Он оскорбленно вскинул руку:
— Нехорошо, товарищ командир!.. Я же к вам с открытым сердцем!.. Просто хочу помочь разобраться… На вас очень бойцы обижаются… Некоторые! — добавил он.
Я усмехнулся:
— Богатенков?! Но все же наглядно видели, какой он работник.
Северцев взглянул на меня с сожалением:
— Не в этом дело, товарищ командир! Козлов считает его лучшим бойцом. На Доску почета вывесил. И вообще у нас Богатенкова не критикуют. О нем даже в дивизионной газете не раз писали.
Я только вздохнул.
— Теперь насчет Артамонова… — Он помолчал. — У него взыскание за опоздание в строй. И Козлов не считает его примерным.
— Дальше, — сказал я деревянным голосом, — что еще считает Козлов?
— Нельзя, товарищ командир, оставлять Степных за себя, — уже поучающе произнес Северцев. — Козлов всегда оставлял Киселева! А теперь вроде вы ему не доверяете.
— Так!.. Так!.. — проговорил я, чувствуя, как по спине ползет холодок. Следовало бы поблагодарить Северцева, но меня все больше раздражала ласковая улыбка, не сходившая с его лица.
Я ушел возбужденный и злой. О каких глупостях мне надо думать! И что за человек этот Козлов? Его глаза, наверное, видят только два цвета: черный и белый. Вот он так и делит всех людей. Если опоздал в строй — значит, во всем плох. А отметили его в газете — безудержно хвалит…
Я решил пойти в госпиталь. Навещу Козлова. Поговорю с ним откровенно, с глазу на глаз. Посмотрю, что за человек. Пусть расскажет, как работает. Может быть, я и не прав. Врезался с ходу в налаженную, устоявшуюся жизнь и навожу свои порядки…
В первый же выходной день отпросился у лейтенанта Корнева на несколько часов. Купил в лагерном магазине яблок, конфет и пошел в село, где на окраине, в небольшом, одноэтажном деревянном доме размещался лагерный госпиталь. Туда обычно помещали тех, кто простудился или получил легкую травму.
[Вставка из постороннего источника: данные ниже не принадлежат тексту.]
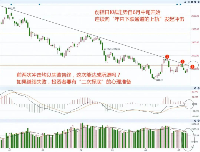 2、随着年内下跌通道的上轨不断下移,创指马上又将面临“能否冲破年内下跌通道”的挑战。
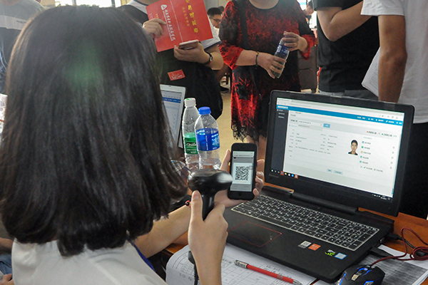 为了优化、升级新生接待工作,学院不仅将迎新工作前移化,而且采用了“报到APP+二维码”移动智能迎新,实现“一键式”报到。“本来以为人会很多,排队很麻烦,结果几分钟就搞定了。”商务信息技术学院2017级新生周绍嵘兴奋地说。原来,她早在网上提前完成了在线信息登记、缴费等事项,在迎新现场只花了1分钟便完成了报到手续。

Еще у калитки я услышал, как за кустами лихо щелкают костяшки домино, — больные «забивали козла». Короткая тропинка привела к дому, на крыльце стояла молоденькая сестра в белом халате.
Пока я шел к ней по дорожке, она глядела на меня строгими серыми глазами.
— Вам кого, товарищ?
Я робко сказал:
— Сержанта Козлова.
Сестра пытливо взглянула на мои кульки:
— Консервы нельзя! Селедку нельзя! Колбасы тоже нельзя!
Четверо игравших сидели под кустом вокруг стола и не обращали на меня ни малейшего внимания. Плотный, с озорным лицом парень в сером больничном халате изо всех сил стукнул костяшкой по столу и прокричал: «А у меня „Марат“!» Это значило, что он выставляет две шестерки.
— Козлов! К тебе пришли!.. — сказала ему сестра.
Игра прервалась. Козлов с любопытством взглянул на меня, и на его широком лице появилось выражение крайнего неудовольствия.
— Ты что, из штаба?.. Дело какое?..
— Нет, — сказал я, — к вам лично.
Партнеры зашумели. Игра еще не кончена, и прерывать ее из-за непрошеного посетителя никому не хотелось. Козлов бросил на меня сердитый взгляд, но я сказал, что не тороплюсь и могу подождать. В этот момент с крыльца спустился еще один любитель «забоя» и бодрой походкой направился к играющим. Козлов передал ему фишки — и это успокоило партнеров.
— Ну вот, лады, — сказал Козлов, взял палку, которая стояла рядом с его стулом, оперся на нее и заковылял ко мне, стараясь как можно легче ступать на левую ногу. — Ну, где мы сядем? Можно там.
Он подвел меня к скамейке, стоявшей поодаль, и осторожно опустился; держа ногу на весу, аккуратно прислонил к скамейке палку и как-то добродушно улыбнулся.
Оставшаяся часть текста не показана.